BEGIN

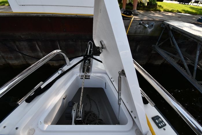 Freshwater / Great Lakes boat since new this vessel features a Single Mercury 350-hp Verado with only 194 original hours. Notable features include but are not limited to the following: Enclosed Head (Electric-Flush) w/Vanity/Sink, Windlass Anchor w/Forward Control, Bow-Thruster, Garmin NAV Package w/Garmin 110i VHF Marine Radio, Garmin GSD 25+ GT40-TM Sounder, Garmin GPSMap 1222 Color / TouchScreen GPS/Chartplotter, Premium Fusion Sound System w/Bluetooth, Ski-Tow Polished Stainless-Steel Arch Aft, Full Pilothouse Canvas Covers, Manual Hardtop Sun-Shade w/Canvas-Cover, and MUCH more!
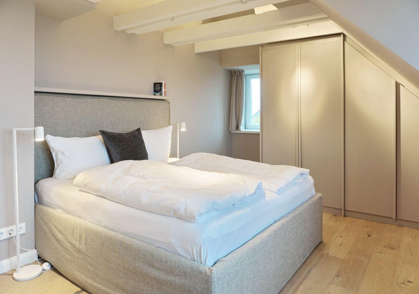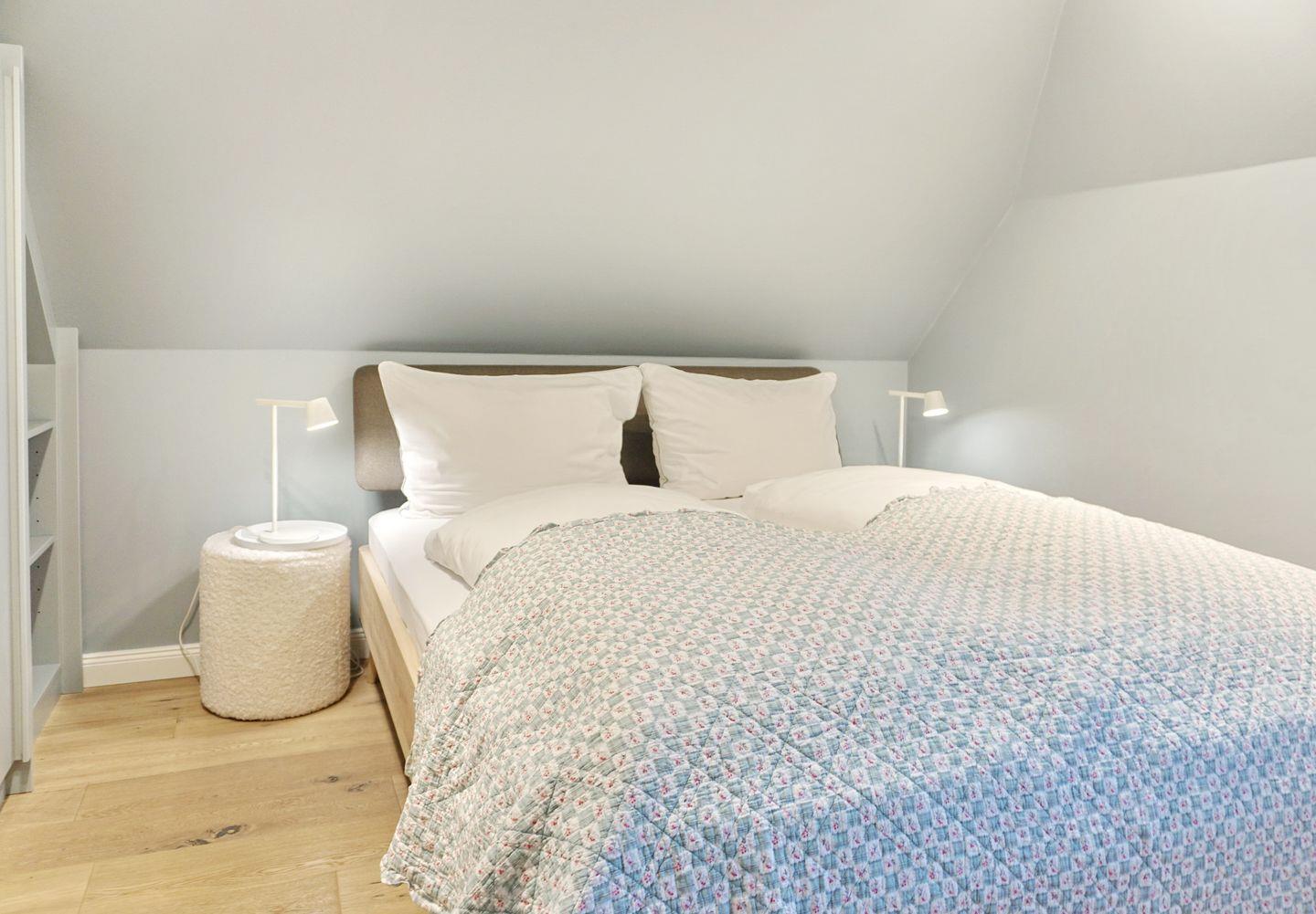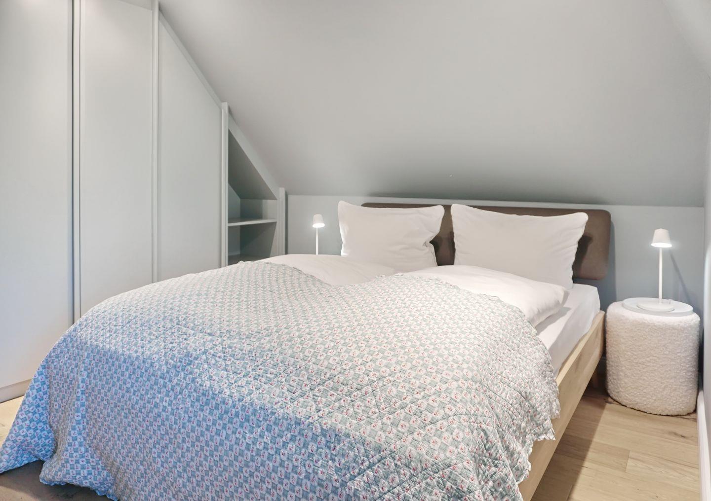 Schlafen 2: Schlafzimmer mit 1,60 m x 2 m Doppelbett und Kleiderschränken, kleiner Schminktisch
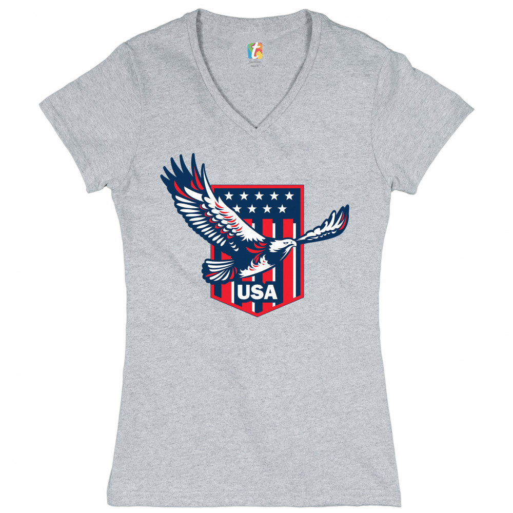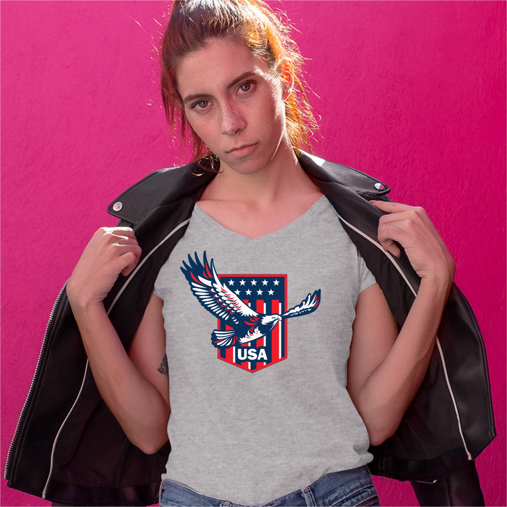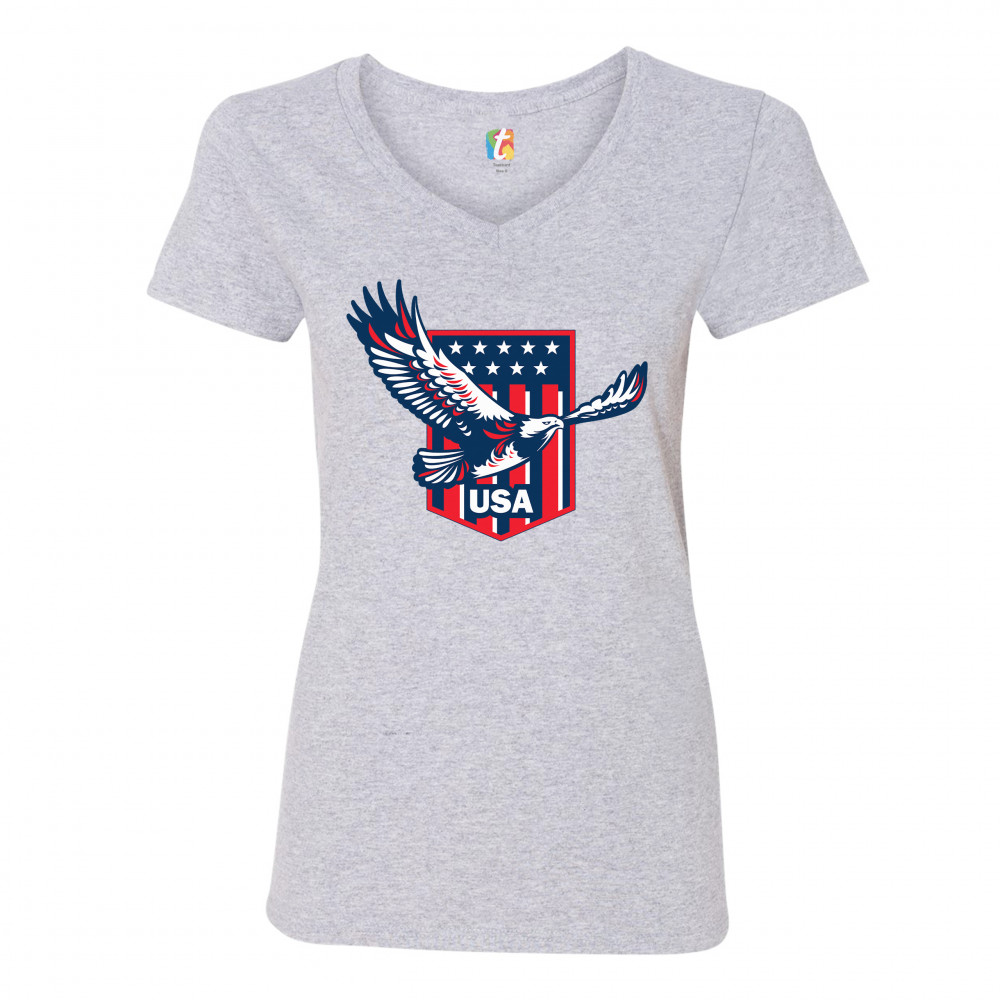 USA BALD EAGLE women's v-neck t-shirt stars and stripes shield 4th of july tee gray
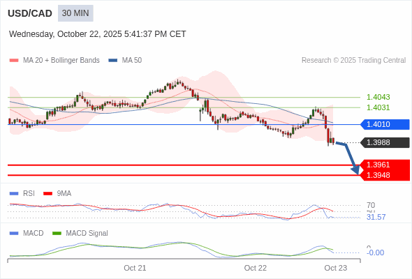 美元/加元 当日内 : 看跌,在 1.4010 之下。
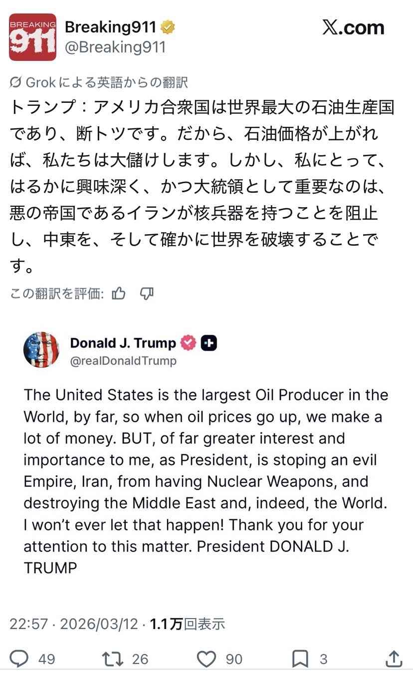 アメリカは産油国だからガソリンも高騰しないとか思ってるのかね
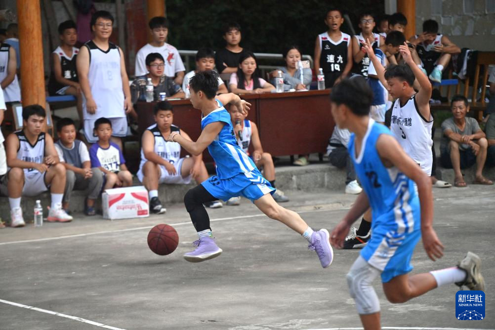 在融水苗族自治县杆洞乡尧告村田边屯篮球场,田边青年队球员韦俊杰(右一)在比赛中带球(7月31日摄)。
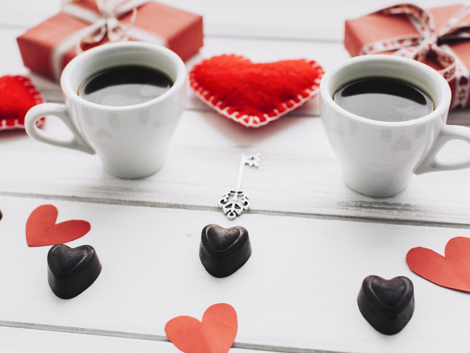 Wallpaper Two cups of coffee on the table with gifts, sweets and hearts
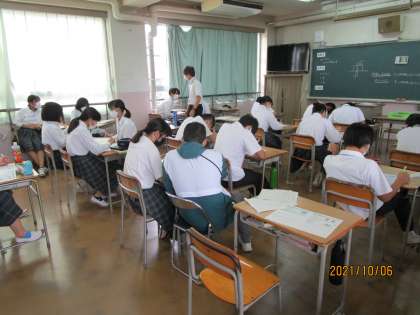 今日は「力の成分・分解」というところでしょうか、作図について勉強し、プリントの問題を解いているところでした。
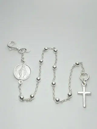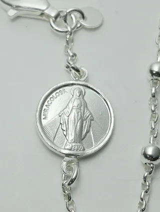 Elegante pulsera de Rosario elaborada en plata de ley 925. - Diseño con cuentas esféricas. - Colgante de la Virgen Milagrosa 16mm de diámetro. - Cruz de plata 12×8mm . - Cierre de mosquetón.
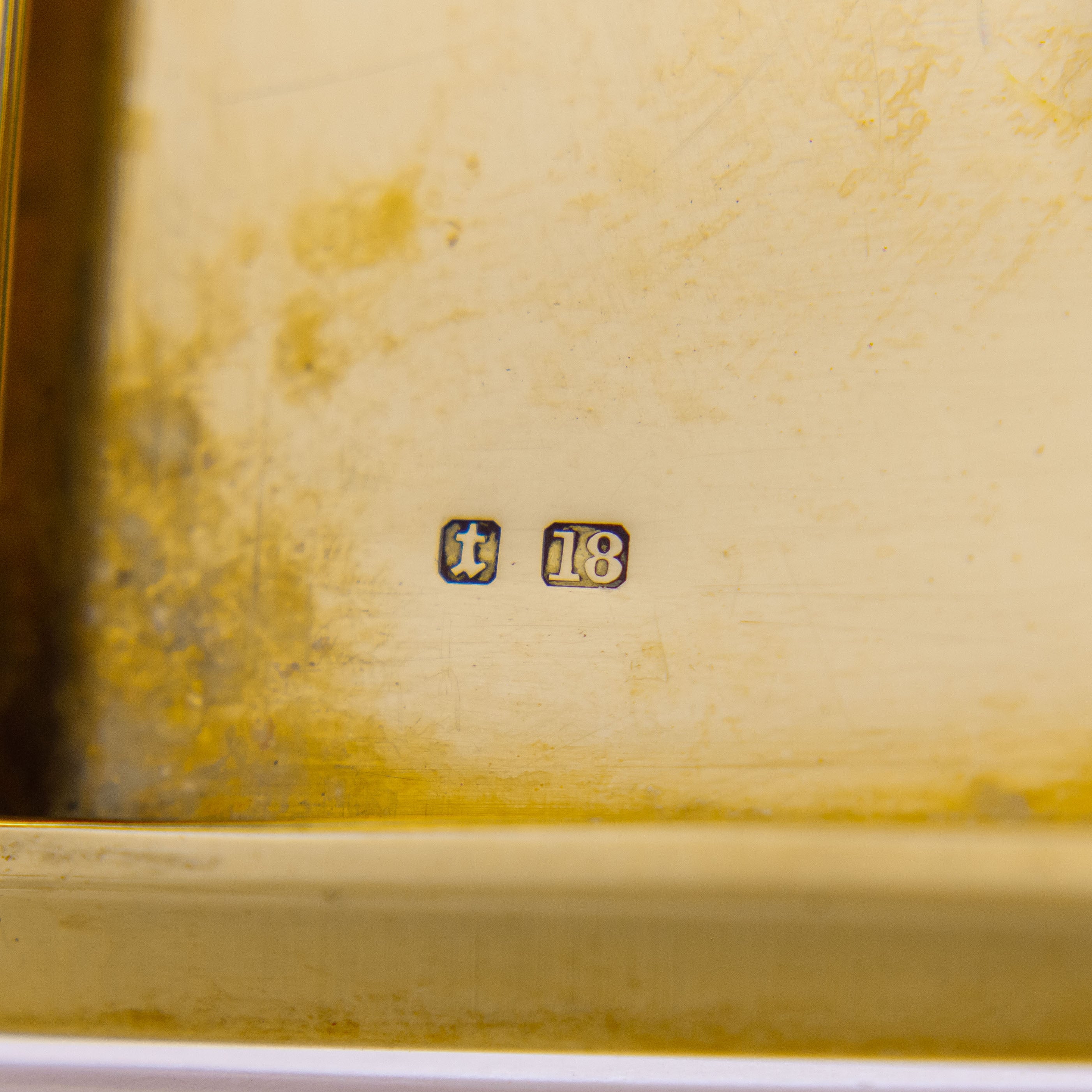 Ce boîtier exceptionnel est en très bon état compte tenu de son âge (près de 100 ans) et ne présente que de légères marques d'usure, telles que de petites éraflures et de minuscules bosses sur l'or, normales pour son âge et qui, à bien des égards, attestent de son authenticité. Il s'agit probablement d'un exemplaire unique au monde, une pièce d'une rareté exceptionnelle, un véritable objet de collection. Idéal comme petite pochette de soirée ou comme ajout précieux à la collection d'un amateur de Cartier.
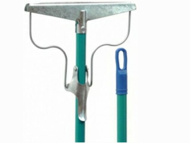 Металлический зажим обеспечивает надежное крепление швабры.
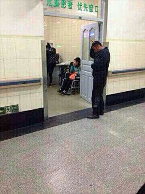The victim of the knife wound waits outside an examination room in Yanji Hospital on October 25. Photo: weibo.com
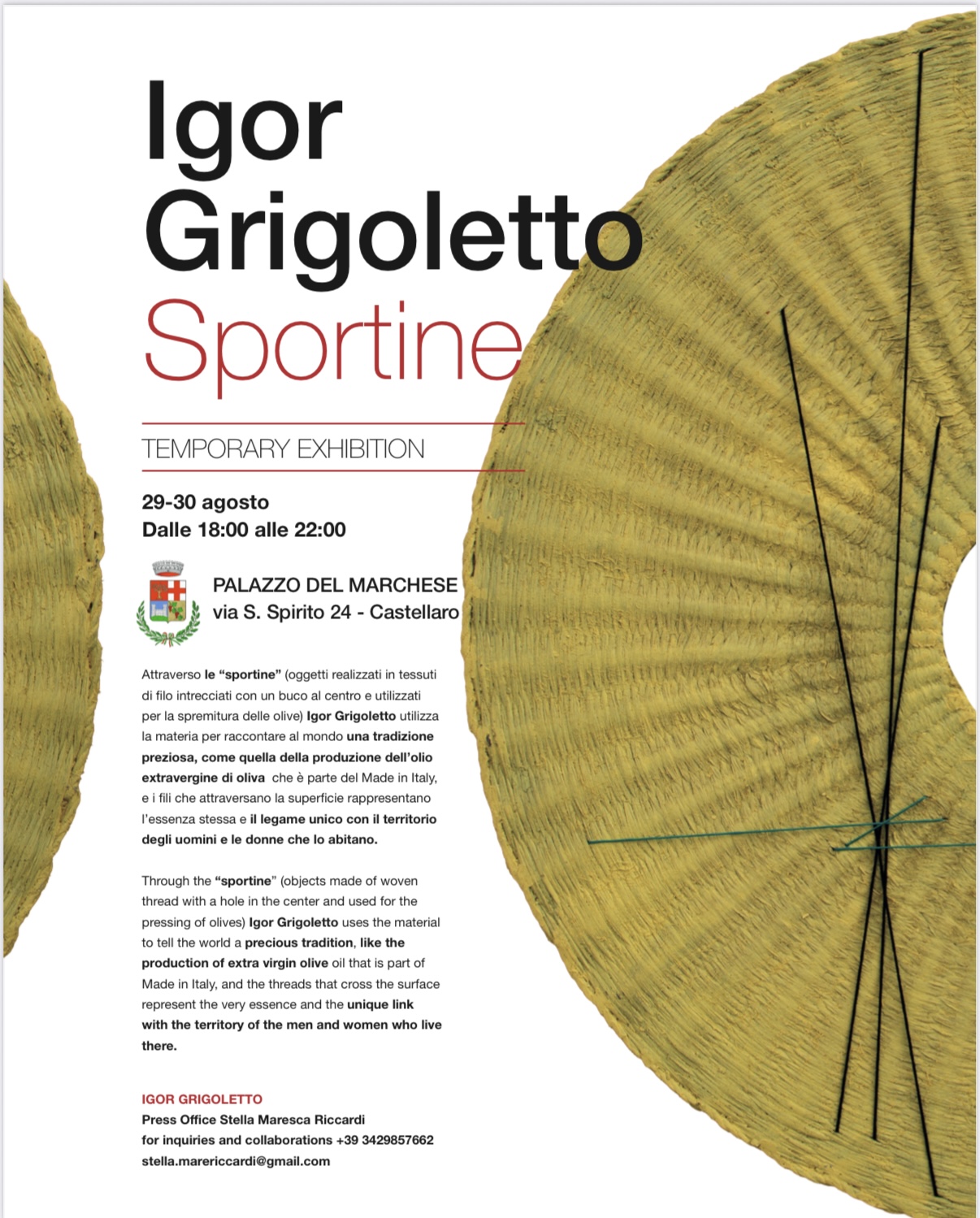Si inaugura a Palazzo del Marchese a Castellaro il 29 agosto alle ore 18 per concludersi il giorno 30, “Sportine” la Temporary exhibition dell’artista sanremese Igor Grigoletto. Protagonisti di questa personale i fiscoli, gli antichi dischi oleari che l’artista dopo aver recuperato da vecchi oleifici o dagli artigiani del territorio, dipinge con colori acrilici per poi intrecciarvi e ricamarvi le sue geometrie. Il linguaggio artistico di Grigoletto si struttura intorno ad un oggetto, un tempo di uso comune e profondamente identificativo del territorio, permettendogli di ampliarne lo spazio fisico e concettuale attraverso l’utilizzo del filo.
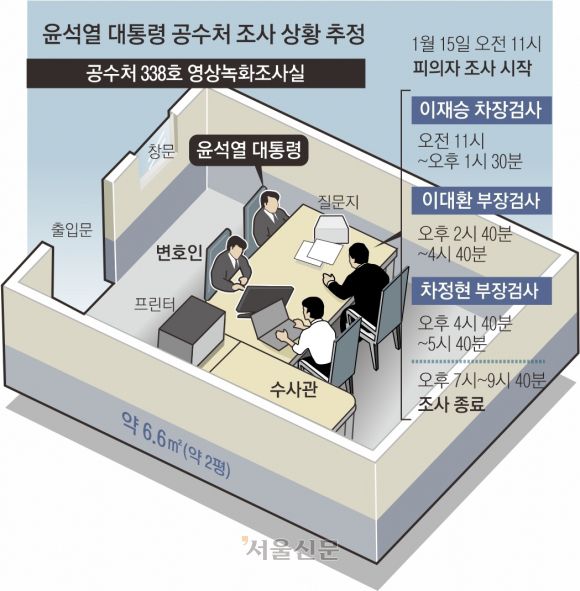 공수처에 따르면 이날 오전 11시쯤 공수처가 위치한 정부과천청사 5동 338호 영상녹화조사실에서 윤 대통령에 대한 피의자 조사가 시작됐다. 윤 대통령 측의 거부로 영상 녹화는 진행되지 않았다. 조사실의 크기는 일반 피의자들이 조사받는 곳과 비슷한 6.6㎡(2평) 규모로 알려졌다. 대통령에 대한 예우 차원에서 조사에 앞서 오동운 공수처장과의 면담이 이뤄질 것이란 관측도 나왔지만 별도 티타임은 없었다. 다만 조사를 진행하며 공수처 수사팀은 윤 대통령에게 ‘대통령님’이라고 호칭했다.
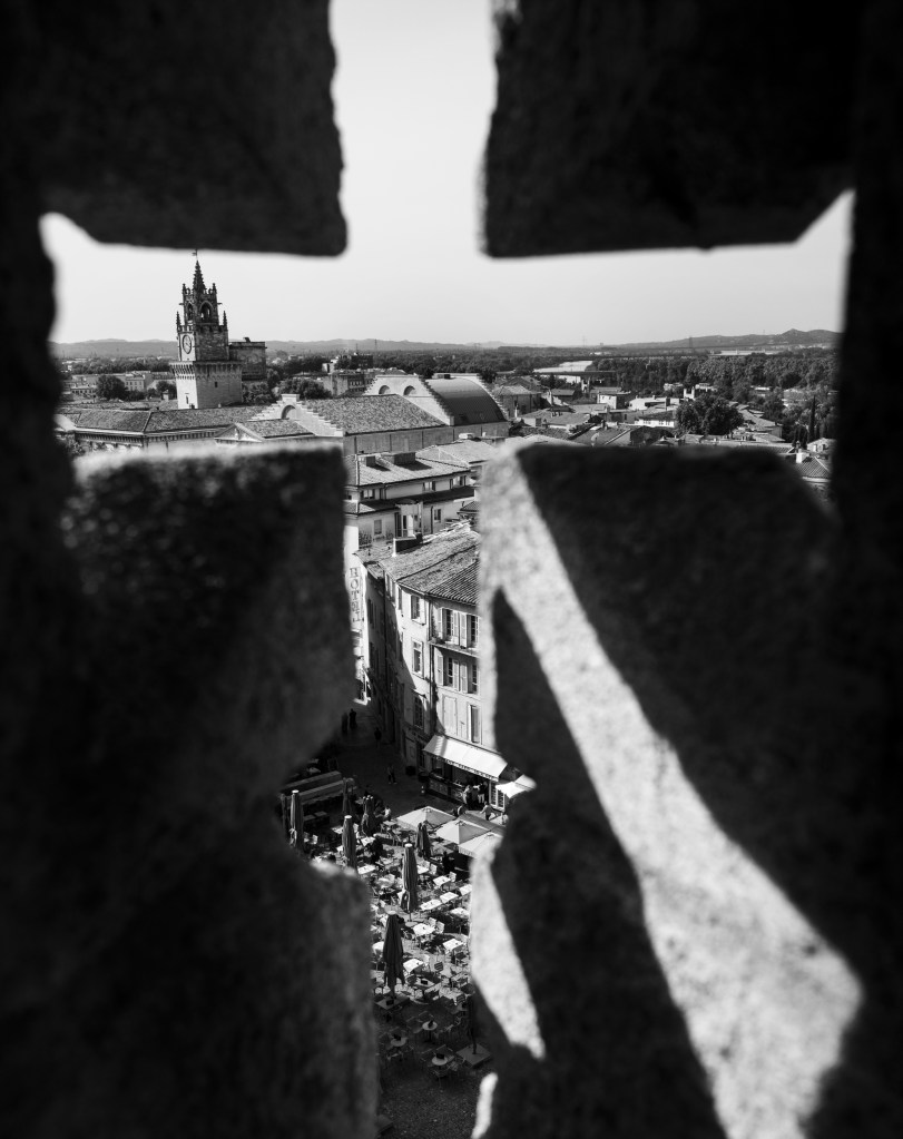 Med utblick från ett av påvepalatsets torn, över torget strax nedanför, staden och det omkringliggande landskapet. Bild: Dick Gillberg

END

◆ Required action
Retype the records above exactly, and keep any picture out of what you write.

◆ Exercise output
 Freshwater / Great Lakes boat since new this vessel features a Single Mercury 350-hp Verado with only 194 original hours. Notable features include but are not limited to the following: Enclosed Head (Electric-Flush) w/Vanity/Sink, Windlass Anchor w/Forward Control, Bow-Thruster, Garmin NAV Package w/Garmin 110i VHF Marine Radio, Garmin GSD 25+ GT40-TM Sounder, Garmin GPSMap 1222 Color / TouchScreen GPS/Chartplotter, Premium Fusion Sound System w/Bluetooth, Ski-Tow Polished Stainless-Steel Arch Aft, Full Pilothouse Canvas Covers, Manual Hardtop Sun-Shade w/Canvas-Cover, and MUCH more!
 Schlafen 2: Schlafzimmer mit 1,60 m x 2 m Doppelbett und Kleiderschränken, kleiner Schminktisch
 USA BALD EAGLE women's v-neck t-shirt stars and stripes shield 4th of july tee gray
 美元/加元 当日内 : 看跌,在 1.4010 之下。
 アメリカは産油国だからガソリンも高騰しないとか思ってるのかね
 在融水苗族自治县杆洞乡尧告村田边屯篮球场,田边青年队球员韦俊杰(右一)在比赛中带球(7月31日摄)。
 Wallpaper Two cups of coffee on the table with gifts, sweets and hearts
 今日は「力の成分・分解」というところでしょうか、作図について勉強し、プリントの問題を解いているところでした。
 Elegante pulsera de Rosario elaborada en plata de ley 925. - Diseño con cuentas esféricas. - Colgante de la Virgen Milagrosa 16mm de diámetro. - Cruz de plata 12×8mm . - Cierre de mosquetón.
 Ce boîtier exceptionnel est en très bon état compte tenu de son âge (près de 100 ans) et ne présente que de légères marques d'usure, telles que de petites éraflures et de minuscules bosses sur l'or, normales pour son âge et qui, à bien des égards, attestent de son authenticité. Il s'agit probablement d'un exemplaire unique au monde, une pièce d'une rareté exceptionnelle, un véritable objet de collection. Idéal comme petite pochette de soirée ou comme ajout précieux à la collection d'un amateur de Cartier.
 Металлический зажим обеспечивает надежное крепление швабры.
The victim of the knife wound waits outside an examination room in Yanji Hospital on October 25. Photo: weibo.com
Si inaugura a Palazzo del Marchese a Castellaro il 29 agosto alle ore 18 per concludersi il giorno 30, “Sportine” la Temporary exhibition dell’artista sanremese Igor Grigoletto. Protagonisti di questa personale i fiscoli, gli antichi dischi oleari che l’artista dopo aver recuperato da vecchi oleifici o dagli artigiani del territorio, dipinge con colori acrilici per poi intrecciarvi e ricamarvi le sue geometrie. Il linguaggio artistico di Grigoletto si struttura intorno ad un oggetto, un tempo di uso comune e profondamente identificativo del territorio, permettendogli di ampliarne lo spazio fisico e concettuale attraverso l’utilizzo del filo.
 공수처에 따르면 이날 오전 11시쯤 공수처가 위치한 정부과천청사 5동 338호 영상녹화조사실에서 윤 대통령에 대한 피의자 조사가 시작됐다. 윤 대통령 측의 거부로 영상 녹화는 진행되지 않았다. 조사실의 크기는 일반 피의자들이 조사받는 곳과 비슷한 6.6㎡(2평) 규모로 알려졌다. 대통령에 대한 예우 차원에서 조사에 앞서 오동운 공수처장과의 면담이 이뤄질 것이란 관측도 나왔지만 별도 티타임은 없었다. 다만 조사를 진행하며 공수처 수사팀은 윤 대통령에게 ‘대통령님’이라고 호칭했다.
 Med utblick från ett av påvepalatsets torn, över torget strax nedanför, staden och det omkringliggande landskapet. Bild: Dick Gillberg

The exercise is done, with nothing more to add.